“I think a lot of artists have this problem—the constant switching between a wealth of admin work, survival work, activist work, creative work and homework. It’s not the biggest problem we have, but it is definitely an annoying one that is also very much woven into people’s socioeconomic status.”

SWINTAK is an interdisciplinary artist, educator and context-maker based in Montreal. Her past projects often involve large-scale installations built onsite and somehow integrated with the surrounding context. Examples include moving an entire house by hand without the aid of machinery, constructing the most banal roller coaster ever made, and attempting to give a shed consciousness.

Q: How has the pandemic changed, influenced, or impacted your approach to artmaking? What will be different for you going forward?
A: I don’t even know how to answer this, and it still feels too early to tell. During the pandemic I was forced to leave my home and studio behind. Luckily, I did manage to relocate my creative base outside the city, which means more physical space to work and probably a myriad of other things that I still have yet to experience. Outside the studio, I’m starting to work as a creative consultant that helps arts organizations rethink presentation contexts. Just going digital isn’t enough; we need to integrate the physical, digital, and indefinite gradient in-between. I’m not comfortable traveling or being in large groups, so I imagine a lot of what I do is going to be hyper-localized for the next couple of years. Going forward I’m hoping to focus less on myself, and more on what I can give back.
Q: What tools, techniques, or resources have helped you do more with less?

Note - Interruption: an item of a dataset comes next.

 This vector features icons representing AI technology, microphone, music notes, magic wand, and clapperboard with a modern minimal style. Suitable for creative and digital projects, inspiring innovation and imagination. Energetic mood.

A: The last year or two I have gained a lot from shared documents and reading lists that have crowdsourced content. Right now I am writing a syllabus and have learned a lot from The Black Lives Canada Syllabus updated by Huda Hassan, Distance-Learning Tips by Marissa Mattes and the Art School Reading list shared by Raymond Boisjoly. There’s so much info out there, that sometimes it helps to have a peer-run compilation that broadens your scope of knowledge. I use a variety of different time management and creative collaboration softwares, but I’d rather not give the space to promote them.

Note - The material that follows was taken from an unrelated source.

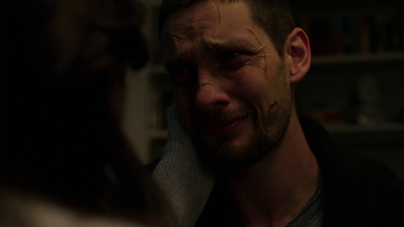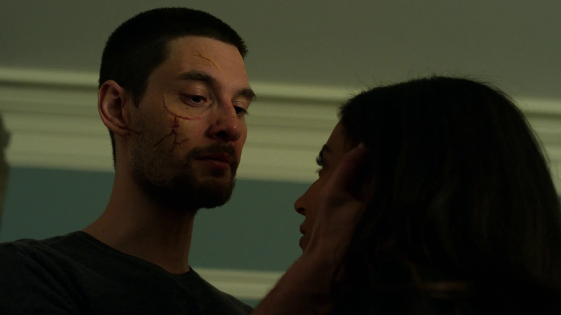 Although Russo noted that he hated his own nightmares because he had not been able to remember the truth, Dumont explained that she hated the fact that she did. Although Dumont had tried to dismiss the conversation, Russo noted that she knew everything about him from his military records to those police reports, he claimed that he did not actually know anything about her. Dumont claimed that she had told him the truth about his scars, although Russo insisted that she was missing out important details, noting that he might as well have told her about a painful shoulder while explaining his own facial scars.

“Whenever it is possible, I try to make space by having computer and phone free times. Sure, I might be hard to reach, but most things can wait. Having the time to percolate is so easily overlooked, yet it has such great value.”
SWINTAK recommends:

Karen Barad Meeting the Universe Halfway: Quantum Physics and the Entanglement of Matter and Meaning (2007)
Q: When do you do your best work? How do you make space to do your best work?
A: Assuming all my basic health and home needs are met, I tend to work well in a fully immersed high-stress scenario after a period of percolation. The optimum situation is when I’m tackling one single deadline; transitioning between different forms of work tends to slow me down or cause feelings of stress or guilt. It’s fine to multitask in a singular zone, but if you are trying to physically make something while at the same time intermittently responding to email, it can be very destabilizing. I think a lot of artists have this problem—the constant switching between a wealth of admin work, survival work, activist work, creative work and homework. It’s not the biggest problem we have, but it is definitely an annoying one that is also very much woven into people’s socioeconomic status. Whenever it is possible, I try to make space by having computer and phone free times. Sure, I might be hard to reach, but most things can wait. Having the time to percolate is so easily overlooked, yet it has such great value. Unfortunately not everybody has the privilege to afford time for percolation.
Q: What’s one thing that would make artmaking more accessible, equitable, and successful for Black, Indigenous, and other working artists of colour?
A: I think this question is too important to be left for last or tacked on to a questionnaire; it should be integrated in everything we do. I need to continually work to listen, learn and course-correct both myself and the system that I benefit from.